LONDON, UK: Hansard Global plc, the specialist long-term savings provider, announced its results for the six months ended 31 December 2023, showing a 32% increase in profit before tax to £4.1m, compared to £3.1m in the same period last year.
Hansard Global attributed the improved performance to higher fee income, especially from its international business, and a favourable interest rate environment, which boosted its investment and other income. However, these factors were partly offset by higher expenses due to increased investment in strategic initiatives to enhance its future prospects.

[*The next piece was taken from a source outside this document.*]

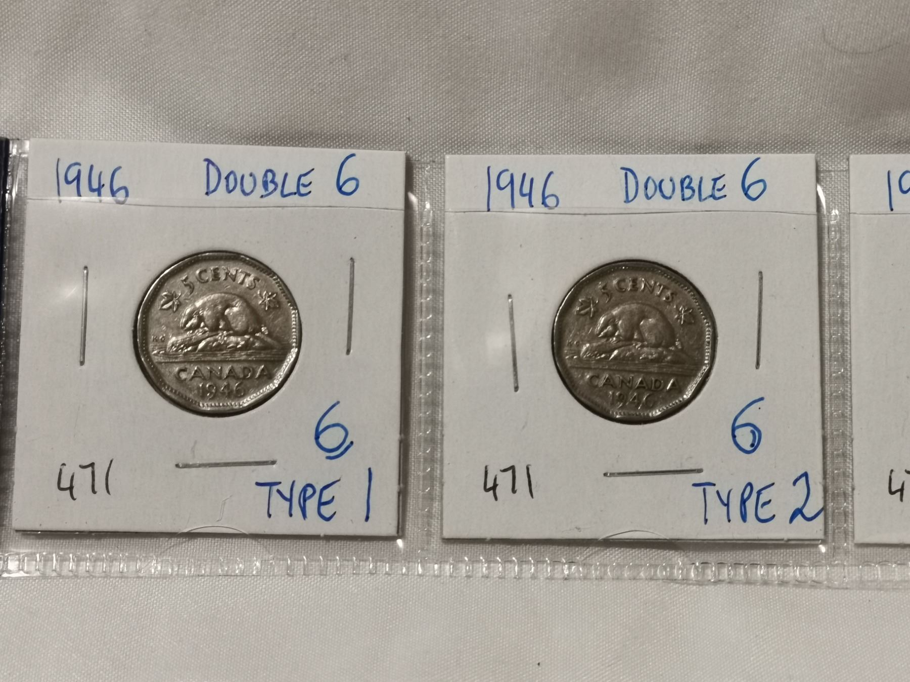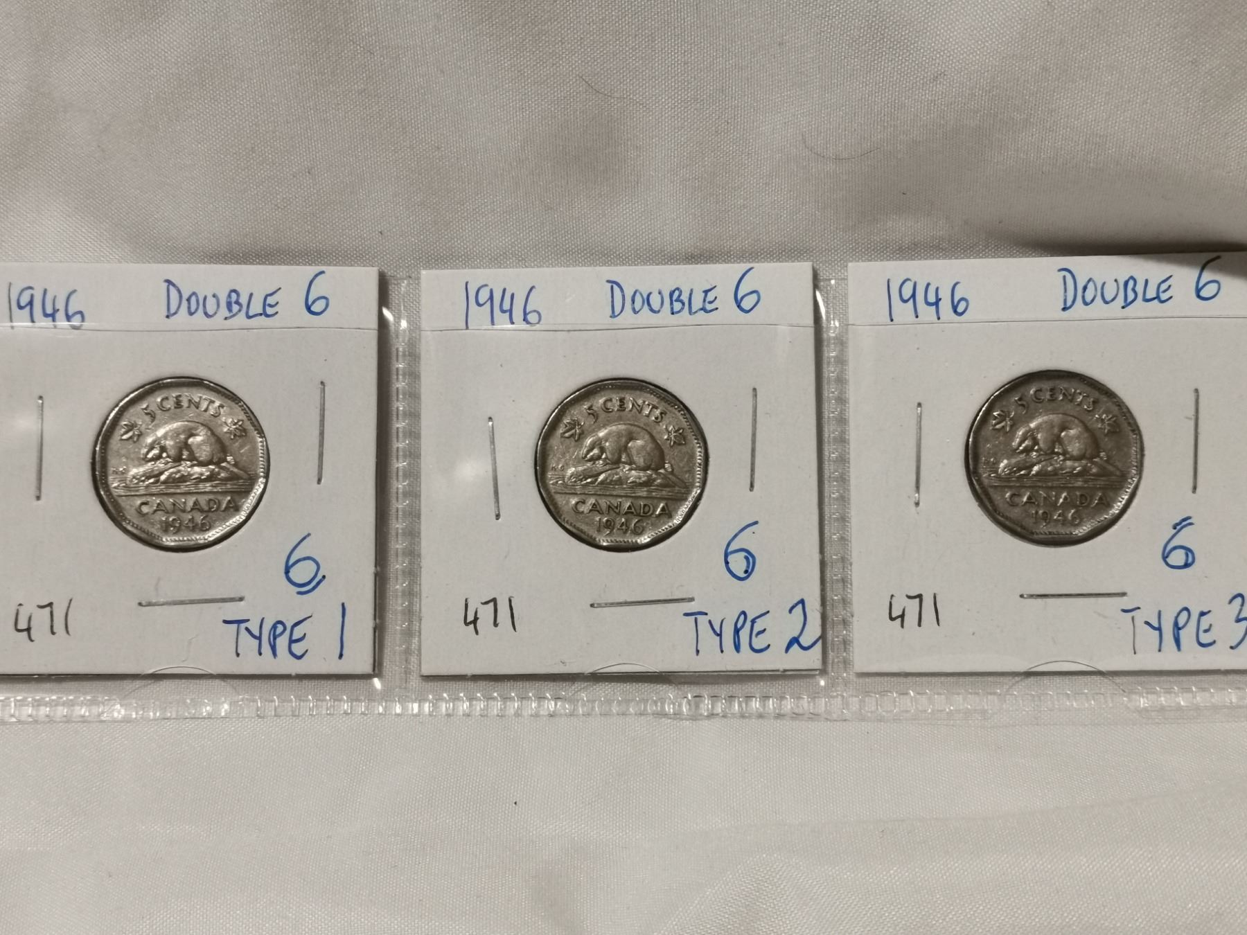 1946 Double 6 5¢ Coins, Type 1,2,3

The Group’s new business for the first half of the year was £36.2m in present value terms, down from £43.4m in the previous year, reflecting the uncertain global economic conditions and the reluctance of clients to commit to long-term savings products. The Group’s assets under administration and value of in-force business remained largely stable at £1.11 billion and £120.1m respectively.
The Board declared an interim dividend of 1.8p per share, unchanged from last year.
The Group also highlighted some of its strategic and operational achievements, such as the development of a distribution opportunity for its Japan proposition and the migration of its online platform to a new system environment, which enables it to launch new products more quickly.
Hansard Global expressed confidence in its new product pipeline and its potential to drive sales and growth in the long term. However, it also cautioned that interest rates may fall slightly from current levels, reducing its returns on cash reserves and product margins.
Graham Sheward, Group Chief Executive Officer, commented: “Although the environment for investment and long-term savings plans remains challenging, we have delivered an improved profit result to the prior year comparative period.
We have successfully migrated to our new policy administration platform and continue to make good progress with our strategic initiatives, allowing us to target future new business growth and cost efficiencies.”